Statistical analyses

Replicates and statistical tests are described in the figure legends. Graphing and statistical analyses were performed using Excel and GraphPad Prism. No sample size estimate or blinding was performed. Samples were only omitted from the analysis, retrospectively, if a clear confounding factor was identified.

Author contributions

Frederick C K Wong: Conceptualisation; Data curation; Formal analysis; Validation; Investigation; Visualisation; Methodology; Writing—original draft; Writing—review and editing. Man Zhang: Conceptualisation; Resources; Data curation; Formal analysis; Validation; Investigation; Visualisation; Methodology; Writing—original draft; Writing—review and editing. Ella Thomson: Formal analysis; Investigation; Writing—review and editing. Linus Schumacher: Formal analysis; Visualisation; Methodology; Writing—review and editing. Anestis Tsakiridis: Formal analysis; Investigation; Writing—review and editing. James Ashmore: Software; Formal analysis; Methodology; Writing—review and editing. Tong Li: Software; Visualisation. Guillaume Blin: Resources; Software; Writing—review and editing. Eleni Karagianni: Methodology. Nicholas P Mullin: Investigation. Ian Chambers: Conceptualisation; Resources; Supervision; Funding acquisition; Writing—original draft; Project administration; Writing—review and editing. Valerie Wilson: Conceptualisation; Resources; Data curation; Formal analysis; Funding acquisition; Visualisation; Writing—original draft; Project administration; Writing—review and editing.

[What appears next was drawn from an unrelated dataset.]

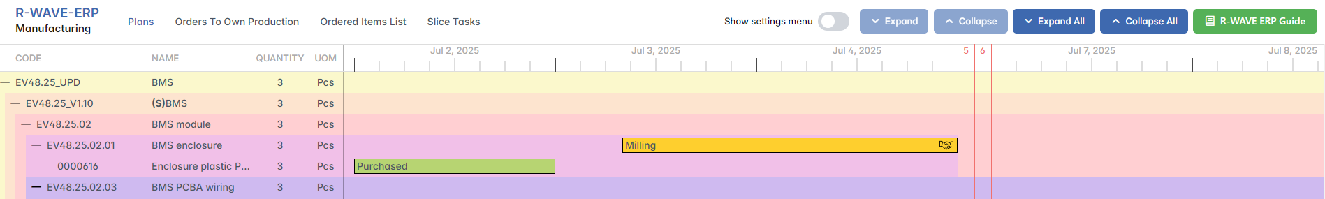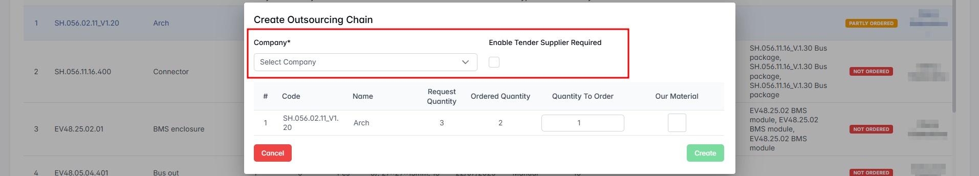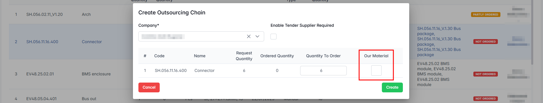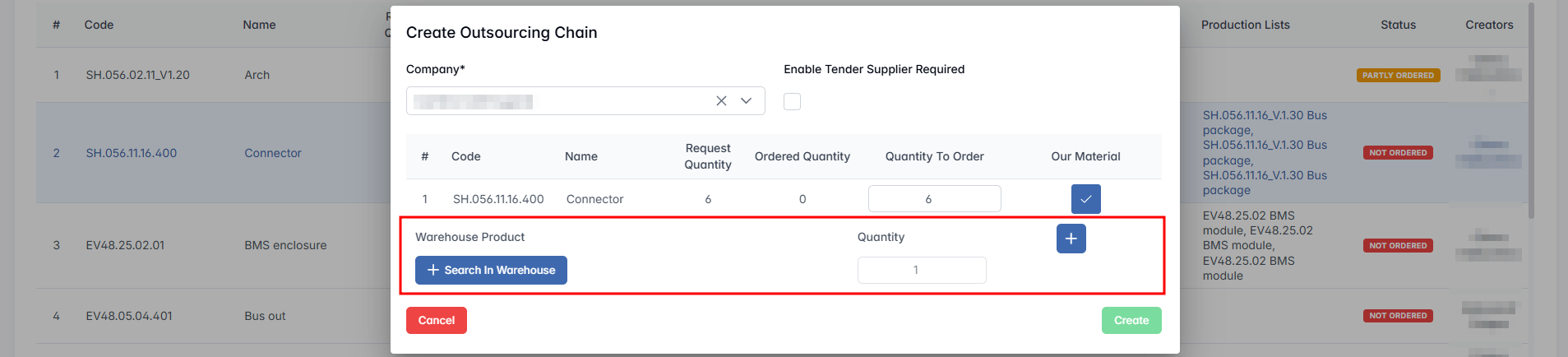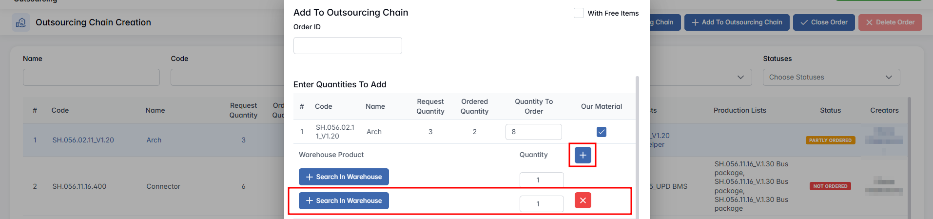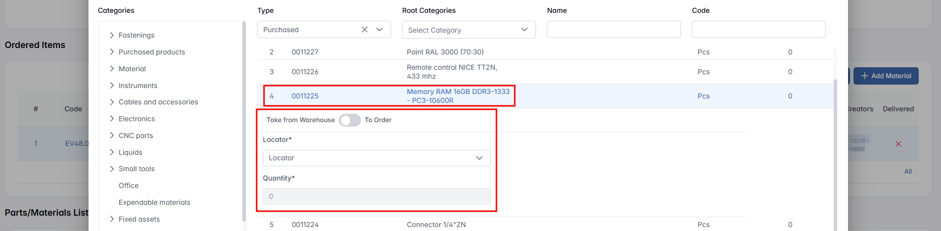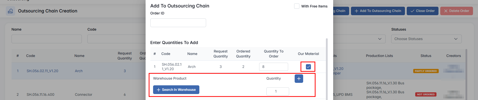 This feature allows users to link warehouse materials to specific ordered items, indicating what internal components or parts will be supplied by the company rather than sourced externally.

Source data underlying figure panels in this paper may have individual authorship assigned. Where available, figure panel/source data authorship is listed in the following database record: biostudies:S-SCDT-10_1038-S44318-025-00527-9.

Data availability

RNA-sequencing data have been deposited at GEO with accession number GSE276569. Figure 2A, 5B,C source confocal data have been deposited at BioImage Archive with accession number S-BIAD2129 and can be accessed at 10.6019/S-BIAD2236.

The source data of this paper are collected in the following database record: biostudies:S-SCDT-10_1038-S44318-025-00527-9.

Disclosure and competing interests statement

The authors declare no competing interests.

Supplementary information

Expanded view data, supplementary information, appendices are available for this paper at 10.1038/s44318-025-00527-9.